Git for noobs. Or something else?



  • I was tasked with figuring out how a bunch of photography/video producer type people can synchronize their work with a corporate server and with each other. The files can be massive (gigabytes), it's all binary/photography type content, and they are mostly working on Windows.

    Right now, they are copying files manually through FTP, which is slow and error prone. Also, a bunch of projects end up trapped in their private computers, with mismatched versions, etc.

    All the usual pre-version control problems. Therefore, the most obvious solution is version control.

    My first thought was to setup some kind of noob-friendly git system. They use a simple GUI to add files, write a message and push them to server. That's all they need in 99% of cases. In case of problems, there's still git underneath, with all its powerful features.

    Unfortunately, all the git GUI-s I've seen are way too complicated and set in the git terminology for non-programmers to use.

    The best one I've seen so far is GitHub for Windows. It would be ideal, but it is tied to using GitHub as host. Since we already maintain our own servers (and we'd like to keep FTP access), that's not in the cards.

    What do you think?
    Do I keep looking for git-based solution? Have some suggestion?
    Try an alternate VCS (SVN)?
    Try to hack GitHub GUI to talk with our custom server (I know it's possible, but user unfriendly)?

    Look into some altogether different solution?
    Like self-hosted file sync (OwnCloud)?
    Or maybe even some custom-coded solution, that could be tied into our other software (appealing to me!)?


  • Discourse touched me in a no-no place

    @cartman82 said in Git for noobs.
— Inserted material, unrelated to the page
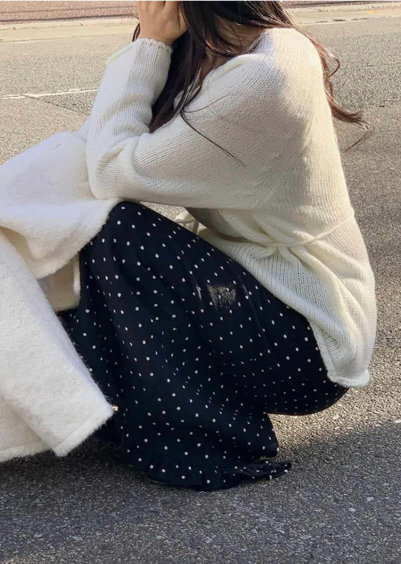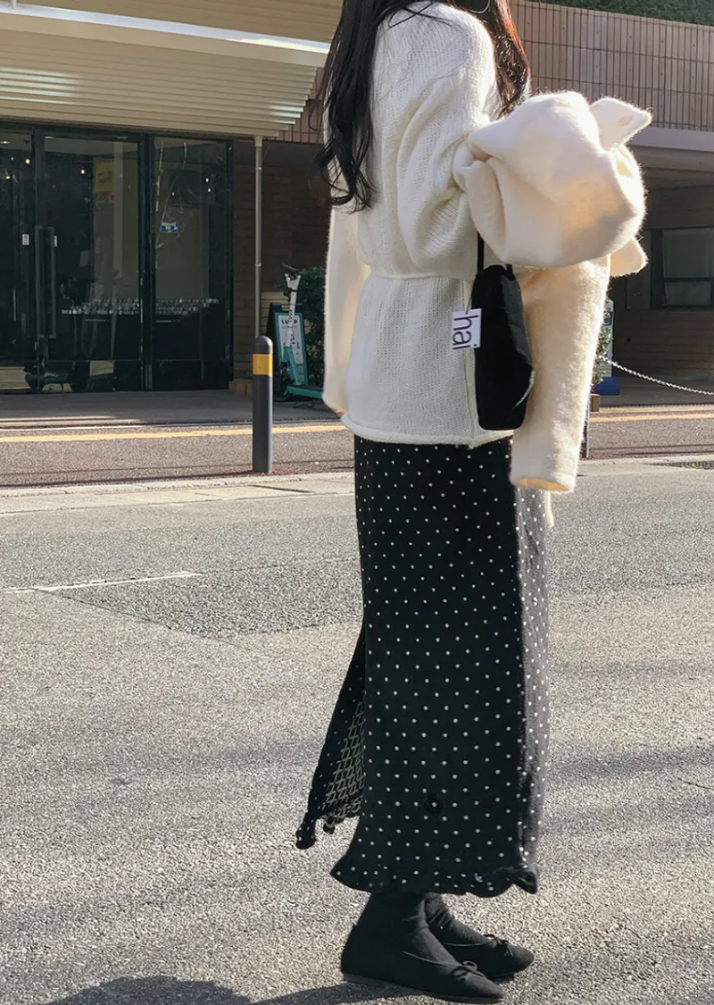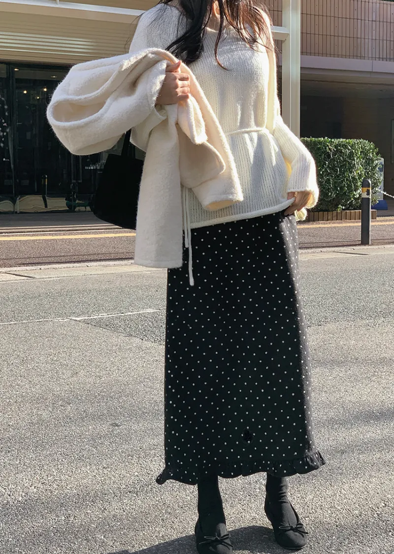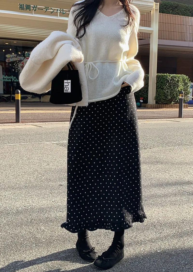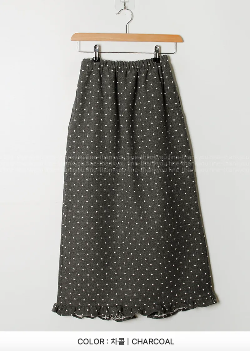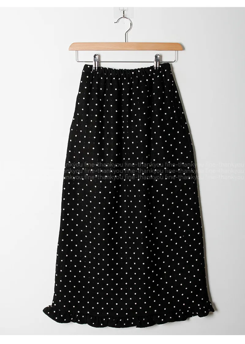 俏皮可愛點綴下擺荷葉摺邊點點中長裙

Or something else?:

    Unfortunately, all the git GUI-s I've seen are way too complicated and set in the git terminology for non-programmers to use.

    The usual problem with Git is that it is extremely hard to keep the gory bits out of sight. The developers of it believe that it is important that people have access to that sort of thing and control over it. Yes, there are scenarios where that's true, but you're not in one of them. πŸ™‚ One of the other VCSs would be a better choice, and given that you're dealing with binary content where you usually want to either update to current or be the sole editing party, probably SVN.
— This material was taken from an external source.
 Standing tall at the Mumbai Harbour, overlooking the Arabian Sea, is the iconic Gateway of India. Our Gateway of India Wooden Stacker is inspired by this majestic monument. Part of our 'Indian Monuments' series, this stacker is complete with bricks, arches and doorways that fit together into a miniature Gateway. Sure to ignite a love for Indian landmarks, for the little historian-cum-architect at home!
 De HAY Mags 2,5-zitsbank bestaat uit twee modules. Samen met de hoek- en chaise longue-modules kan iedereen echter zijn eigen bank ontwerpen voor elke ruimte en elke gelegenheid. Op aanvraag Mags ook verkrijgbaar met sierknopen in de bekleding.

    The biggest difference of all is going from not version controlled to version controlled. Everything after that is gravy.


  • Fake News

    In general I would not think of Git as fit for massive content - remember that each and every file version is kept locally and in an indivisible tree structure:

    • Somebody added a file they didn't need anyway? Sucks, it remains on everyone's disk.
    • Someone need only the files for Trip_Italy? Sucks, either you need to wait all day to clone the entire repo or you need to ask someone to copy the files you need out of version control.

    You could add something like Git Large File Storage to alleviate many of these problems, but it can double the amount of cryptic failure modes, and I haven't used it before so I have no idea if GUIs support it at all.
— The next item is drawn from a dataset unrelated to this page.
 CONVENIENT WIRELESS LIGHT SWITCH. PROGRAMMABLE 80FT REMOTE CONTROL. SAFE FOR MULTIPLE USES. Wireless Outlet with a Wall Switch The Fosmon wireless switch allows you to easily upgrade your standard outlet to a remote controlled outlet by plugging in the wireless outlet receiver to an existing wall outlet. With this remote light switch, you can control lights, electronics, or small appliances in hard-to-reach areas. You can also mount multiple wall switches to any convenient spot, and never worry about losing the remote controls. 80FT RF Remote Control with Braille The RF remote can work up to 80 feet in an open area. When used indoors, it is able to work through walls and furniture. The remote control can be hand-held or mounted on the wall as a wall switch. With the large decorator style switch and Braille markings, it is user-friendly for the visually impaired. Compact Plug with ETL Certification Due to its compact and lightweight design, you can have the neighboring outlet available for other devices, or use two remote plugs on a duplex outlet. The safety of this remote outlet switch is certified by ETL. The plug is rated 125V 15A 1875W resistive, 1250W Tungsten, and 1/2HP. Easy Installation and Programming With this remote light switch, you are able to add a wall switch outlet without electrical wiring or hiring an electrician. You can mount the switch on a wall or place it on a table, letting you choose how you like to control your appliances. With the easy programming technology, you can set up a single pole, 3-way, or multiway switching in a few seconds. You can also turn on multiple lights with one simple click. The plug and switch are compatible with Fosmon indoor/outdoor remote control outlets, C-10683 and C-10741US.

    Subversion will likely be a better alternative: it's simple, fast enough and can do some of the things I mentioned above. Only drawbacks are that it will save all current files on your disk twice, uncompressed: the "working version" and the "repo version from last update". You won't be able to sync between different computers without both having access to the central repo, but then you also don't have to deal with the possible differences between distributed repositories or local branches.

    The only impossible thing when using any VCS is FTP write access - how would you deal with conflicts or broken connections? Or are you thinking about having only read-only access through FTP with a background job continuously updating some checked out SVN working copy in a folder shared through FTP?


  • kills Dumbledore

    SVN and the TortoiseSVN shell extension was my first thought. Nice and easy to use once someone knowledgable has set up the server side, you can check out only the files you want, and the more complicated stuff is there if you need it.

    Or a shared Dropbox account since that has its own versioning which one would assume is more targetted towards binaries given what people store in DB; but you did mention having your own server, and multi gig files would cost a lot.

    But don't use Git. You're asking for something simple and non technical for large binary files. That's basically everything Git isn't. You don't have a nail here so drop the Git shaped hammer



  • @JBert said in Git for noobs. Or something else?:

    Somebody added a file they didn't need anyway? Sucks, it remains on everyone's disk.
    Someone need only the files for Trip_Italy? Sucks, either you need to wait all day to clone the entire repo or you need to ask someone to copy the files you need out of version control.

    Also, someone accidentally committed 10 GB of files into their repo, then deleted them? Too bad, those 10GB remain in the repo, unless you know the obscure command to prune crap from history.



  • We used a system with (I think) BitTorrent Sync to sync files across user machines and a small compute cluster at a startup. It seems that it's been renamed to Resilio Sync since; can't tell you if it still works the same.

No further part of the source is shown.